▶ How to complete this task: No pictures go into the copy. Write out exactly the lines below from the one containing "Трапезен стол TEMPE" through the one containing "בהמשך הציגה זומר".

▶ Data shown:

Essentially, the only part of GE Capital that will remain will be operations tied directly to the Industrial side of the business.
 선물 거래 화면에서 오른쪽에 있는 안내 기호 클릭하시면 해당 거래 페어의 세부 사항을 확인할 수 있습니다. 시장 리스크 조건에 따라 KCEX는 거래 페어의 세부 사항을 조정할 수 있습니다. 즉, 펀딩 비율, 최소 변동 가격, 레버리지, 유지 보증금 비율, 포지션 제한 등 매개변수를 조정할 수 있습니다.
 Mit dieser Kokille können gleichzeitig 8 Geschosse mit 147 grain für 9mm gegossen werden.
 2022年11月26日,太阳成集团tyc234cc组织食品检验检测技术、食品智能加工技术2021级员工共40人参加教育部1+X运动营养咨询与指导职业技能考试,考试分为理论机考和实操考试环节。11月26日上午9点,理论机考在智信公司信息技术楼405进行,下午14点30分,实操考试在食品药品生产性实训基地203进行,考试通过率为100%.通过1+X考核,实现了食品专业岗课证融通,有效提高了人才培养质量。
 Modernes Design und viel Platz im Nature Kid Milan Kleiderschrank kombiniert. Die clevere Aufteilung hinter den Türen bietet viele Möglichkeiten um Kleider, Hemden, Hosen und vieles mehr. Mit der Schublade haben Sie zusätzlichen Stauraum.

--

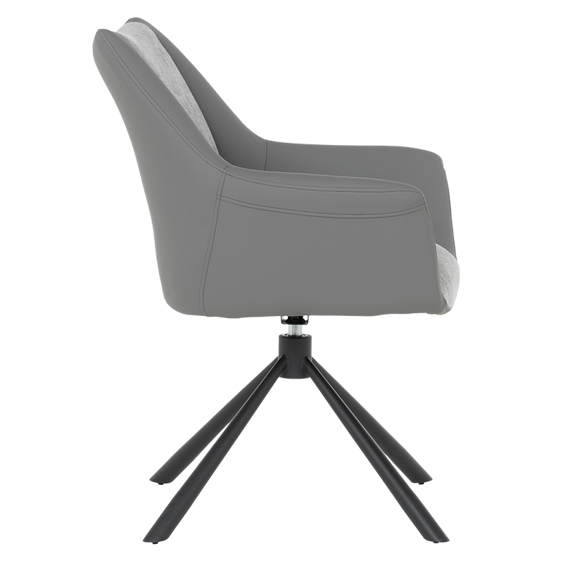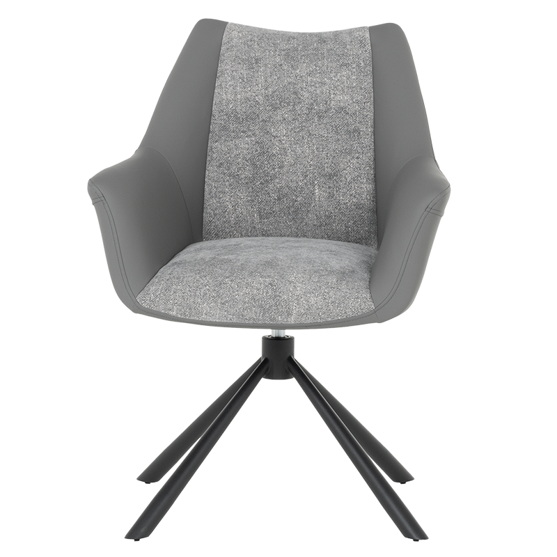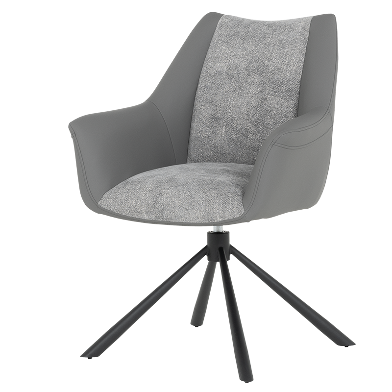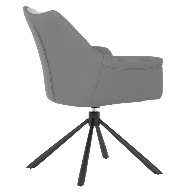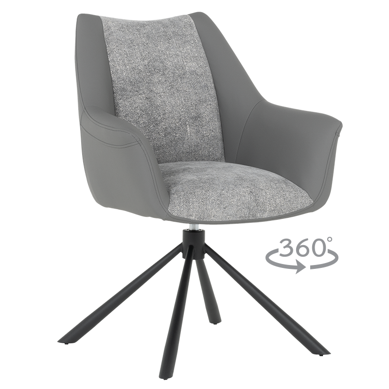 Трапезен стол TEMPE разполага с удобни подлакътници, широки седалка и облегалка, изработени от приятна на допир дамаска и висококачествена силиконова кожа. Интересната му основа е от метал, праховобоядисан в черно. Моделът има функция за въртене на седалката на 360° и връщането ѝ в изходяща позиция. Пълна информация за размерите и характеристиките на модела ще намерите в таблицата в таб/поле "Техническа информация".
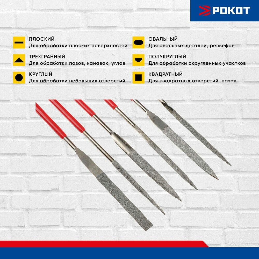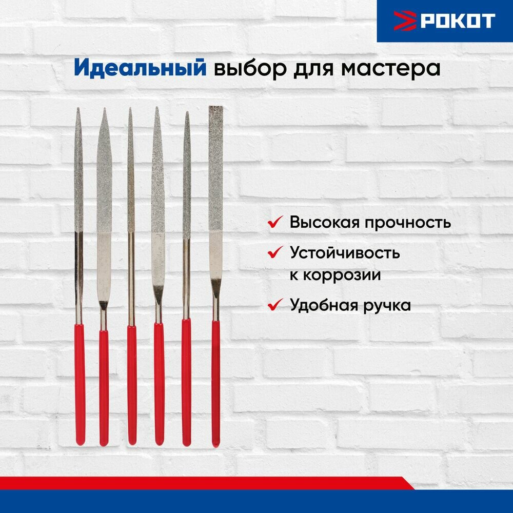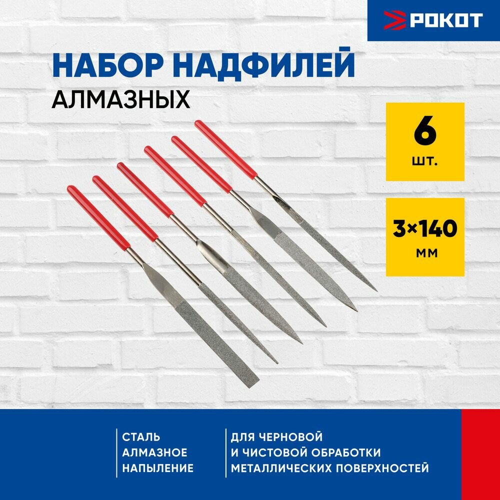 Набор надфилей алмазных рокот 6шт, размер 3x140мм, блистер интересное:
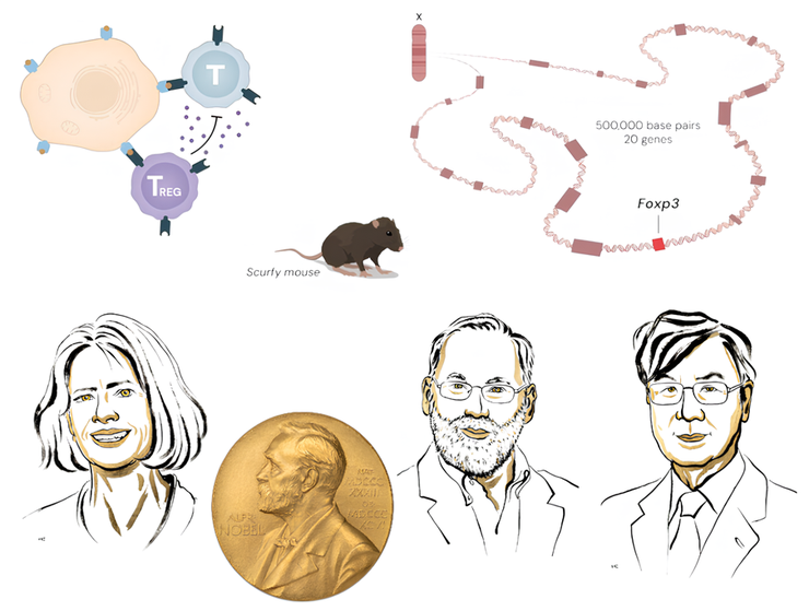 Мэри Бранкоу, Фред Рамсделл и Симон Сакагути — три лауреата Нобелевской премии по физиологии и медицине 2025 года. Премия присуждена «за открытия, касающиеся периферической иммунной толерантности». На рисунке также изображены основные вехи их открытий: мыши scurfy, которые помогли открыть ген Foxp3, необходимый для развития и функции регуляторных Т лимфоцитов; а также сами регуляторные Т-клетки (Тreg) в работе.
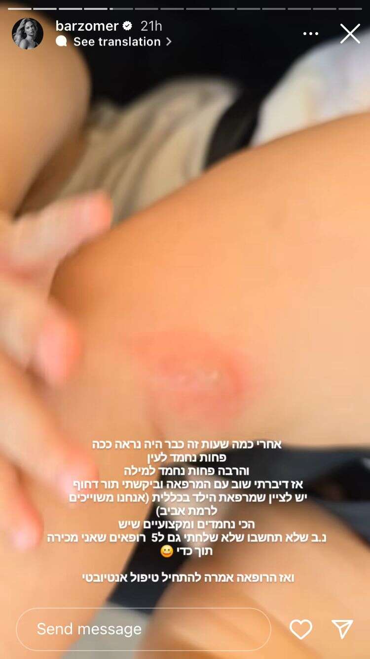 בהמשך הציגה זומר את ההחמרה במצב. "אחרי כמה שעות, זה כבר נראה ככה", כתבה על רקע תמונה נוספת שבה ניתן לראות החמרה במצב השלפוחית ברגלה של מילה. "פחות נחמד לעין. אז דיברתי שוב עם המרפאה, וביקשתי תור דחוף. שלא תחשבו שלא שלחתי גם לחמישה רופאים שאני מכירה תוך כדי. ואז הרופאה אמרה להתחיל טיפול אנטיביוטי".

▶ Answer box:
 Трапезен стол TEMPE разполага с удобни подлакътници, широки седалка и облегалка, изработени от приятна на допир дамаска и висококачествена силиконова кожа. Интересната му основа е от метал, праховобоядисан в черно. Моделът има функция за въртене на седалката на 360° и връщането ѝ в изходяща позиция. Пълна информация за размерите и характеристиките на модела ще намерите в таблицата в таб/поле "Техническа информация".
 Набор надфилей алмазных рокот 6шт, размер 3x140мм, блистер интересное:
 Мэри Бранкоу, Фред Рамсделл и Симон Сакагути — три лауреата Нобелевской премии по физиологии и медицине 2025 года. Премия присуждена «за открытия, касающиеся периферической иммунной толерантности». На рисунке также изображены основные вехи их открытий: мыши scurfy, которые помогли открыть ген Foxp3, необходимый для развития и функции регуляторных Т лимфоцитов; а также сами регуляторные Т-клетки (Тreg) в работе.
 בהמשך הציגה זומר את ההחמרה במצב. "אחרי כמה שעות, זה כבר נראה ככה", כתבה על רקע תמונה נוספת שבה ניתן לראות החמרה במצב השלפוחית ברגלה של מילה. "פחות נחמד לעין. אז דיברתי שוב עם המרפאה, וביקשתי תור דחוף. שלא תחשבו שלא שלחתי גם לחמישה רופאים שאני מכירה תוך כדי. ואז הרופאה אמרה להתחיל טיפול אנטיביוטי".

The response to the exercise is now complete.